Hinterbliebene der Germanwings-Tragödie haben noch immer keine Klarheit

Natürlich fragen wir uns, wieso durfte ein derart suizidgefährdeter Mensch eine Passagiermaschine fliegen? Wie kam es dazu? Was ereignete sich im Vorfeld? Welche gefährliche Rolle spielte (und spielt weiterhin) die Schweigepflicht der Ärzte?

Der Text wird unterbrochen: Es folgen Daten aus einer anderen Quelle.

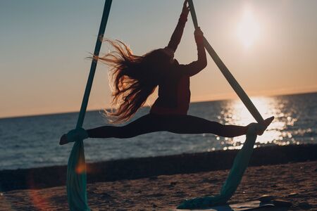 Air yoga on the beach. Woman health. Split on hammock.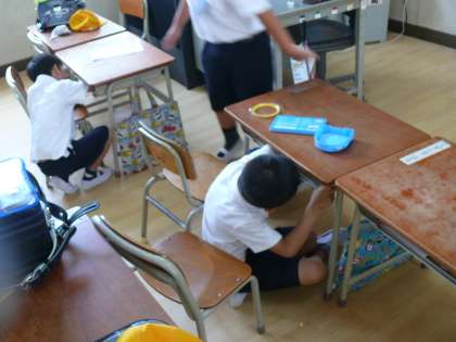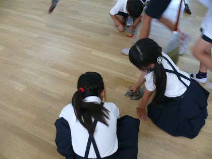 新しい学年で迎えた1学期のまとめとして、教室をきれいにする。床をピカピカに磨いていました。教室の整備をする。机の中を全部出して、拭き掃除をしていました。クラスで学期のまとめとして楽しく終えていく。5年生は、わくわくどきどきの林間に向けて、グループでの打ち合わせや全体での確認など、それぞれの1学期の終わり方を工夫して実施しています。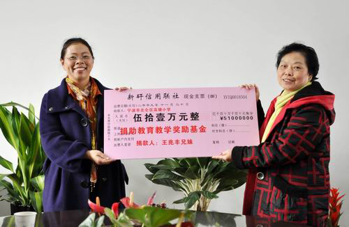 中新网12月3日电 据浙江侨联网消息,11月30日上午,已故浙江省北仑籍港胞王兆丰先生的大儿媳唐秀娟女士代表王氏家族把祖屋拆迁的赔偿款51万元亲手交给了新碶街道高塘小学校长唐亚云的手中,用于设立“王兆丰兄妹教育教学奖励基金”。至此,这件长达10余年的捐赠事宜终于画上了圆满的句号。宁波市北仑区教育局局长胡小伟、新碶街道办事处主任徐孟杰、区侨办副主任姚慧贞、新碶街道党工委委员林雪凤出席基金成立仪式。新碶街道办事处副主任李国东主持仪式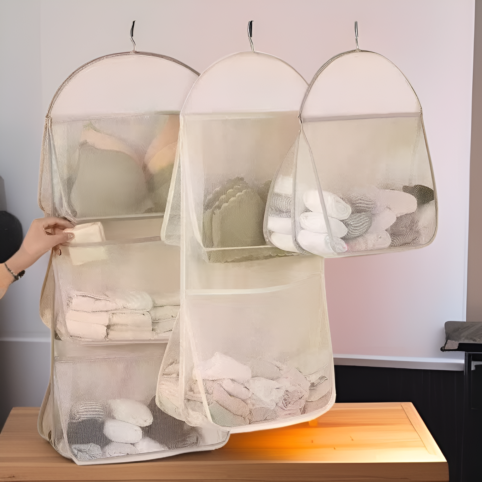 ● Made from durable and breathable mesh material, this storage bag keeps your clothes and socks fresh, visible, and well-ventilated at all times.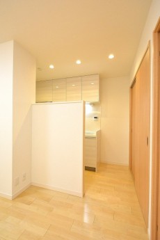 リビングダイニングから見えずらい奥まった位置にレイアウトされたキッチン。

Ich möchte wie viele Angehörige wissen, wo, bei welcher Person oder welcher Behörde diesbezügliche Fehlverhalten bzw. Unterlassungen auftraten. Sie sollen benannt und analysiert werden, damit die Wahrscheinlichkeit, dass sich solch eine Katastrophe wiederholt, auf ein Minimum reduziert wird.

Dagegen ermittelte die Staatsanwaltschaft in Düsseldorf als alleinigen Schuldigen den Copiloten Andreas Lubitz. Sie stellte das Verfahren Anfang des Jahres kurzerhand ein, obwohl wir Hinterbliebenen noch immer keine Klarheit darüber haben, wie es überhaupt dazu kam, dass ein derart psychisch labiler Copilot ins Cockpit gelangte.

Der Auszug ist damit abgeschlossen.